Spectra contain a large number of variables; different methods were used to lower the number of these variables to ¼ of the spectral data before applying partial least squares (PLS). In the first case (RS1), these variables were selected using a Pearson correlation, where ¼ of all spectral variables were chosen based on the largest absolute correlation with the dependent variable for which the model was being built. Another technique (RS2) was to first cut the number of spectral variables in half, taking in the parts of the spectra where the spectra of the standards show most of the absorption peaks (in this case, between 500–1700 cm−1 and between 2950–3500 cm−1) and then applying Pearson correlation to obtain ¼ of all spectral variables, similarly to the previous case. In addition, the third technique (RS3) to lower the number of variables was selecting ¼ of the spectral variables based on normalized infrared spectra of the rutin, quercetin and quercitrin standards. A preset criterion was the total number of variables (one quarter of the whole spectra), and at least one of the signals of the spectra of the standards had to be higher than the suitable limit (approximately 0.4).

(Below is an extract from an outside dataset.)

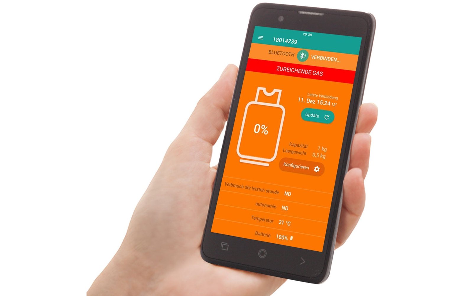 ВНИМАНИЕ: Газовите бутилки и четящото устройство (смартфон, таблет и др.) не са включени!

All samples were divided into calibration and validation sets. In the cases where three spectra of the same sample were included in the analysis, all three were assigned to the same set. To obtain the most appropriate number of latent factors for PLS, the leave-one-out method was used on the calibration set to test for the use of 1–20 latent factors. Most commonly, three latent factors were determined to be optimal. We also tested the influence of adding some new independent variables to the spectral data. These were information about the sample that are usually known, such as plant part (leaf or flower) and Fagopyrum species. These were added in the form of dummy variables.

The quality of the models was assessed using the correlation R of the calibration and validation set of samples and the root mean square error of calibration (RMSEC) and root mean square error of validation (RMSEV).

Data availability

Infrared spectra analysed during the current study are available from the corresponding author on reasonable request.